Given the listing below, write out exactly the lines starting with the line that has "как выглядит Unbranded" and going on through the line that has "- Sinner – Griekspoor: Sinner", both kept.

Start of Task inputs

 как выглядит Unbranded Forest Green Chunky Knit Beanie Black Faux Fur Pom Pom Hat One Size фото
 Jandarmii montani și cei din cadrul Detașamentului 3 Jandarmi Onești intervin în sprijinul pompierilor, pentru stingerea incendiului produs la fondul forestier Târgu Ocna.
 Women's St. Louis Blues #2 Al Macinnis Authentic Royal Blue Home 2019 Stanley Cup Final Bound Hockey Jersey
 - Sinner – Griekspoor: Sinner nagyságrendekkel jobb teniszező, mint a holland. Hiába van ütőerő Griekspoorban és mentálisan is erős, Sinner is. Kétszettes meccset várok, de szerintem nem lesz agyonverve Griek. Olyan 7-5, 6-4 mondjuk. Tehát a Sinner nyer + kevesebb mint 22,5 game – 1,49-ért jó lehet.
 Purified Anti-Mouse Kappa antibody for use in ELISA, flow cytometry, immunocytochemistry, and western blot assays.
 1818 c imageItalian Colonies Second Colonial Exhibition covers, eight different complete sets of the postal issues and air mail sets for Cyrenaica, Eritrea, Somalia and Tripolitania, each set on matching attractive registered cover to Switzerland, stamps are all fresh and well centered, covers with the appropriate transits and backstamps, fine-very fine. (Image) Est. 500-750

End of Task inputs
Start of Task inputs

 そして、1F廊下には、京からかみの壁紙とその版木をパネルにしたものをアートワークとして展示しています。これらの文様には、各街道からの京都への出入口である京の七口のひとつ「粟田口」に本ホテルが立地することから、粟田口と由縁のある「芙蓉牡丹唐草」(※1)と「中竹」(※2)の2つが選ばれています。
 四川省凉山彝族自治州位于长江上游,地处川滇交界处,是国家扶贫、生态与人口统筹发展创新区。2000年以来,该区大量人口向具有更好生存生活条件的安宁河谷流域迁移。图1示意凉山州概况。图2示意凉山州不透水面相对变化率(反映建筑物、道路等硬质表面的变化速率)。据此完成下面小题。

End of Task inputs
Start of Task inputs

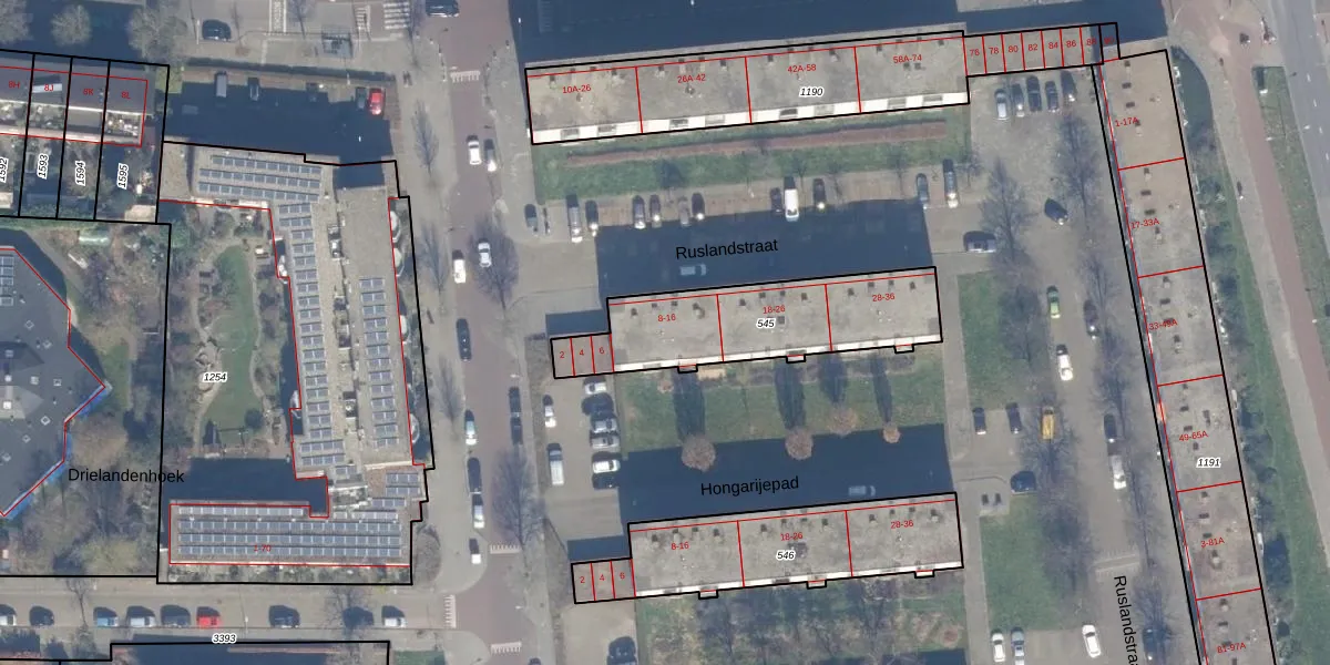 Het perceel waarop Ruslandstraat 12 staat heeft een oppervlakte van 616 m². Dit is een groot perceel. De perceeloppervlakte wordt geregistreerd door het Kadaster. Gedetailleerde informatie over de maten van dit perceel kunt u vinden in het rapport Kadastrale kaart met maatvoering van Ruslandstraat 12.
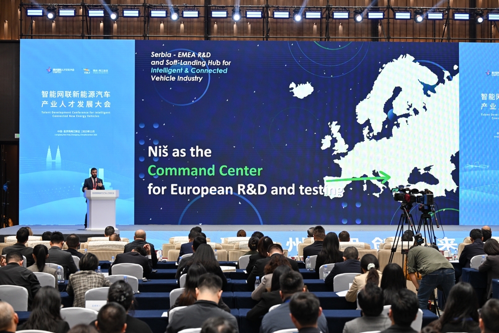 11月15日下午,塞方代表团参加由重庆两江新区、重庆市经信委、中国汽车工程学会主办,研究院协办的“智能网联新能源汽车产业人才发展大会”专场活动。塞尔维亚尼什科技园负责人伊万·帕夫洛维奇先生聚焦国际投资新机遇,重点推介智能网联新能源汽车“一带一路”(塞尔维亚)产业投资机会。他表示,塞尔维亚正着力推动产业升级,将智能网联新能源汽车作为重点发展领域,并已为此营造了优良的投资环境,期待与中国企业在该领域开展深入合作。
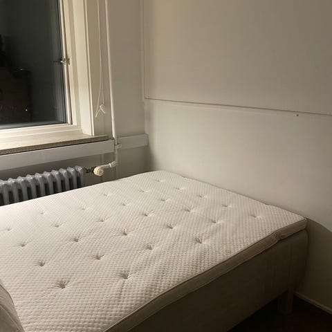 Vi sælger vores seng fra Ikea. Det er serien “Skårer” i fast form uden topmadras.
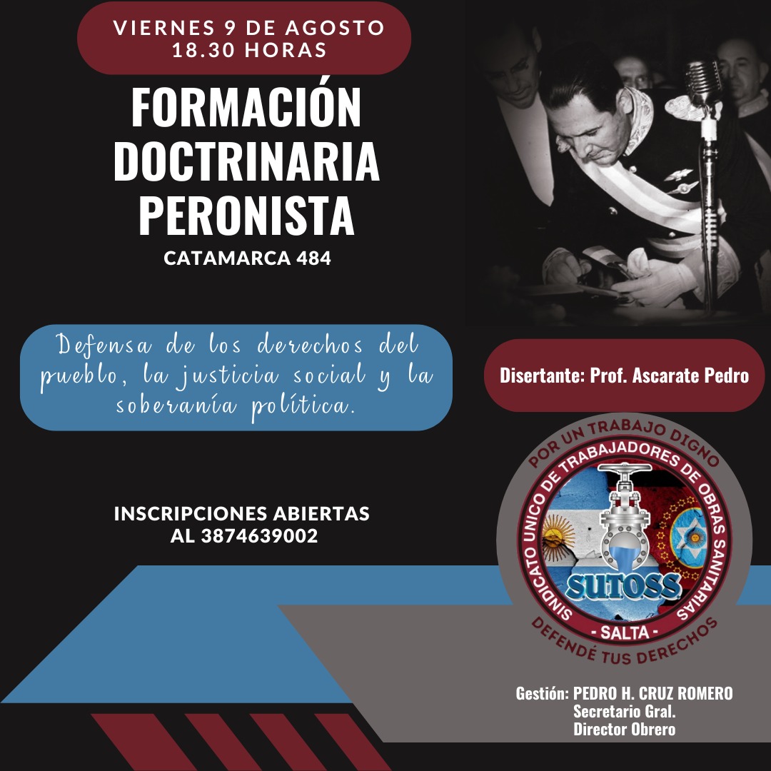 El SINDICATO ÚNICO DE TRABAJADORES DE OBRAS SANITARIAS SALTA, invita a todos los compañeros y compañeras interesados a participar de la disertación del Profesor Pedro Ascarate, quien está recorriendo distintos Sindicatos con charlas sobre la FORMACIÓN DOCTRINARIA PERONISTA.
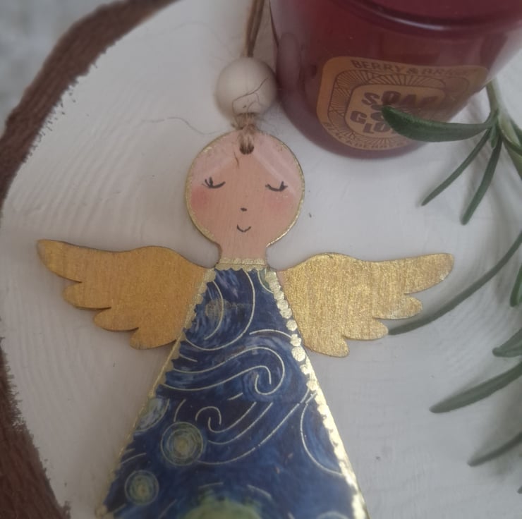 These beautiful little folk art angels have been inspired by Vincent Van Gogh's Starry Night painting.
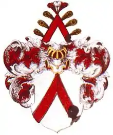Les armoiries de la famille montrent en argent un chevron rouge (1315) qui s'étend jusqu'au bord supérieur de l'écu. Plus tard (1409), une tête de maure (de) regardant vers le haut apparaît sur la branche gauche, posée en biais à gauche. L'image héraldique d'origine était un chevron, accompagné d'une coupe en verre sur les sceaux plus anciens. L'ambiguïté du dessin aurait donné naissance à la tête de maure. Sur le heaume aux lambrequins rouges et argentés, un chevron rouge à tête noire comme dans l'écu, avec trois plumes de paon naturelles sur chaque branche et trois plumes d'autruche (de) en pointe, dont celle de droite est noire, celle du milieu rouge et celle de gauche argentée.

End of Task inputs

## Result
 как выглядит Unbranded Forest Green Chunky Knit Beanie Black Faux Fur Pom Pom Hat One Size фото
 Jandarmii montani și cei din cadrul Detașamentului 3 Jandarmi Onești intervin în sprijinul pompierilor, pentru stingerea incendiului produs la fondul forestier Târgu Ocna.
 Women's St. Louis Blues #2 Al Macinnis Authentic Royal Blue Home 2019 Stanley Cup Final Bound Hockey Jersey
 - Sinner – Griekspoor: Sinner nagyságrendekkel jobb teniszező, mint a holland. Hiába van ütőerő Griekspoorban és mentálisan is erős, Sinner is. Kétszettes meccset várok, de szerintem nem lesz agyonverve Griek. Olyan 7-5, 6-4 mondjuk. Tehát a Sinner nyer + kevesebb mint 22,5 game – 1,49-ért jó lehet.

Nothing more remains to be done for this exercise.